I too spend a lot of time chasing perfection, achievements, checks on a chart. I like your thoughts here, going to let them rattle around my head for a while.
It's hard to realize that you wern't up for all the things you thought you were--I found that myself this last quarter. I had too much, and had to give up something. In my case, it was school. I relate to a week spent focused on my school (and my kids watched too many movies and didn't get enough stories or snuggles or very good food), and then a week spent focused on kids (when my homework suffered). There is a desire to do it all well... I was a great student when I was single. But I've been trying to learn to set different standards for myself. In school, I stopped aiming for As. I started aiming for Bs. I was just content with that. It was good enough. A B average (usually a 3.5) will maintain a scholarship, and it's certainly acceptable for grants and loans. Once you graduate, nobody ever looks back at what the GPA was, they just look at whether you are competent in your field. I know plenty of teachers who graduated with C averages in fact (which is a whole other issue LOL!)
On the one hand, maybe it feels like giving up, to set these new (lower) standards for myself, but it's because I recognize my intense need to measure up...and some of my personal expectations have been unrealistic. So I have tried to adjust my expectations so that I CAN live up to them, and CAN be a success. *I* know that I am smart, even if it doesn't always show in my grades. I can look at those grades and say "yeah, i bombed that assignment because I spent the weekend playing with my kids instead of writing a good paper..." but then I can look at my kids and say "and my kids love me and are healthy and happy." And that can be success.
I realize this is easier said than done. I've been practicing for a few years. But it has been helping me. Sort out my priorities (happy kids, feed everybody, graduate) and then the lower priorities (nice grades, healthy food every day, etc). And then I realize that it's ok to have PB&J or pancakes for dinner once a week, and to have my husband cook on another day a week, and to take one night a week where I stay up crazy late working on homework, but another two nights a week where I HAVE to go to bed early enough to get enough sleep, even if the homework isn't done... Maybe it's triage of my life.
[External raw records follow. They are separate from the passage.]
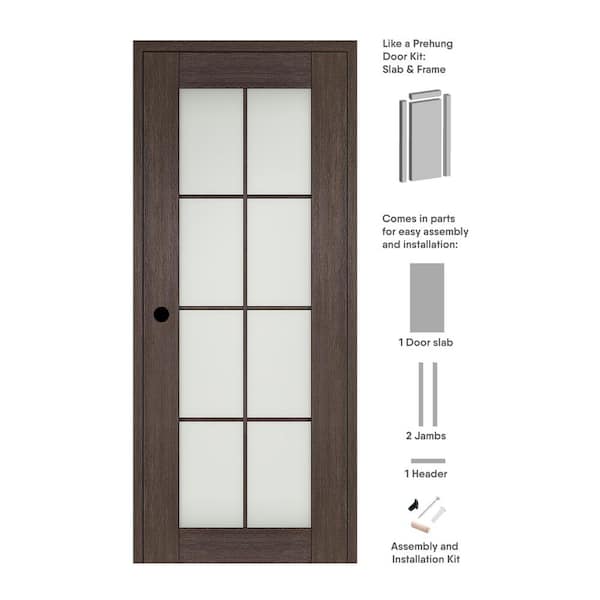 32 in. x 80 in. Vona Right-Hand 8-Lite Frosted Glass Veralinga Oak Wood Composite Single Prehung Interior Door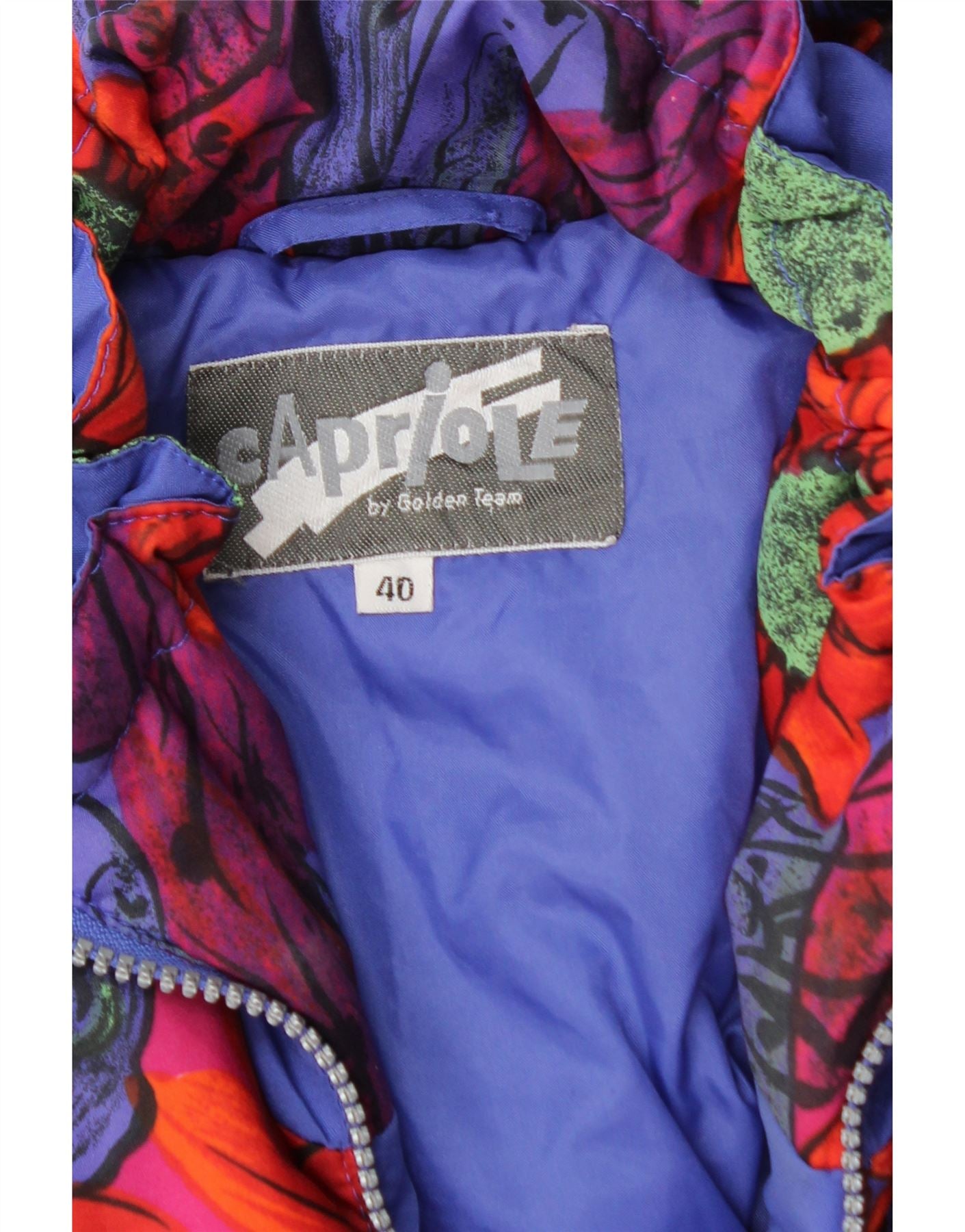 - AI Description: This Capriote By Golden Team womens ski jumpsuit is crafted from durable woven fabric, ideal for the slopes. It features a vibrant, crazy floral pattern in blue and multicoloured tones. The collared neckline and long sleeves provide full coverage. A full zip closure secures the front. It boasts a regular fit, cinched by a stylish belt with a buckle accent. Zipped pockets offer practical storage. This retro-inspired piece combines functionality with a bold, eye-catching design.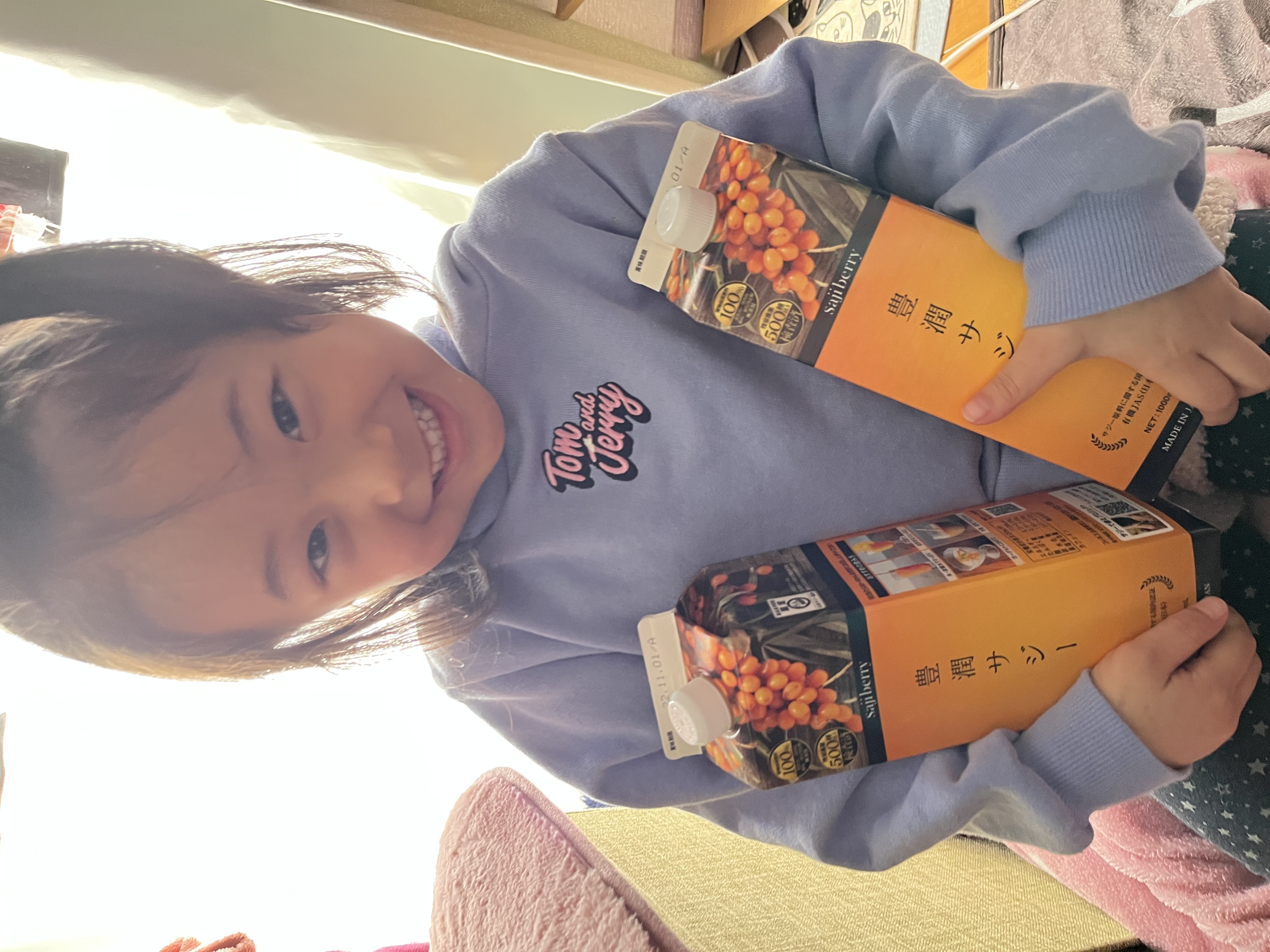 一歳になった娘も大好きで、豆乳で割ったサジーを朝一緒に飲んでいます。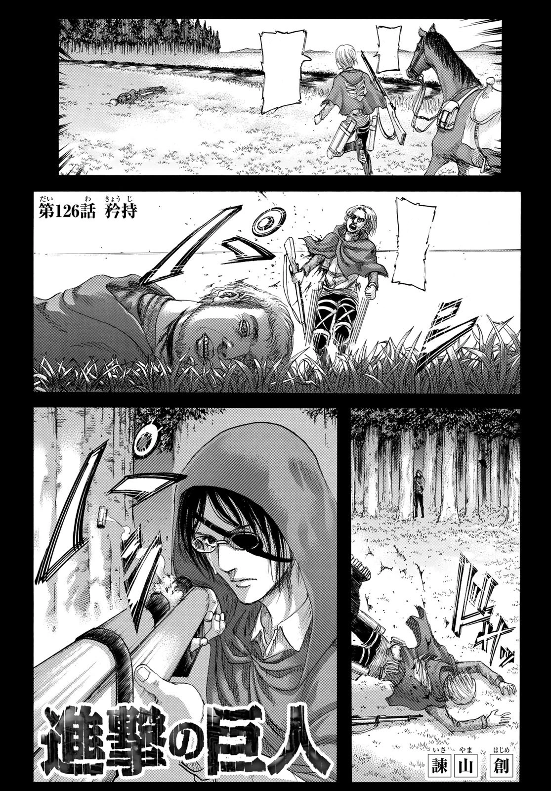 Nachdem Hanji ihre Verfolger eliminiert und Levi zusammengeflickt hat, kommt dieser schließlich wieder zu sich und ist nach wie vor entschlossen, sein Versprechen zu halten und Zeke zu töten. Während der Konfrontation mit Magath und Pieck kann sie die beiden Marley davon überzeugen, dass sie zusammenarbeiten müssen. Armin und Gabi können derweil zu Connie und Falco aufholen und es gelingt Armin, Connie von seinen Plänen abzubringen. Die vier machen sich auf den Weg zurück nach Shiganshina, wo sie zufällig auf Annie treffen.

Sometimes it really does feel that way. But then again, the point of triage is to take care of what can be taken care of, and to let go of what cannot.
Have you ever read Single Dad Laughing's Blog post on The Disease Called "Perfection", your post reminds me a lot of it so I went back and reread it.
I struggle myself with old expectations and new disappointments. Negative self talk when it comes to not meeting my own standards (based usually on quantifiable "A"s I used to get in school instead of the real world ambiguity of work, family life, and contentment). I am a master at beginning projects that never get completed and wishing and hoping for things without really working at them (or only working at them in a way that will not lead to failure or risk). I am guilty of looking for validation outside myself instead of being enough for me and being okay with who I am in my own capacity regardless of how limited they may be now compared to what they were when I was young and nothing was set in stone.
I urge you to be kind to yourself. To understand that you are not the sum of your limitations and they do not define you anymore than your accomplishments do.
Well, I promise you this...WHEN you finish my bag, I will LOVE it and RAVE about it, and take it EVERYwhere with me... :-)
Love you!
I still think about your book from time to time and hope that it does get finished!!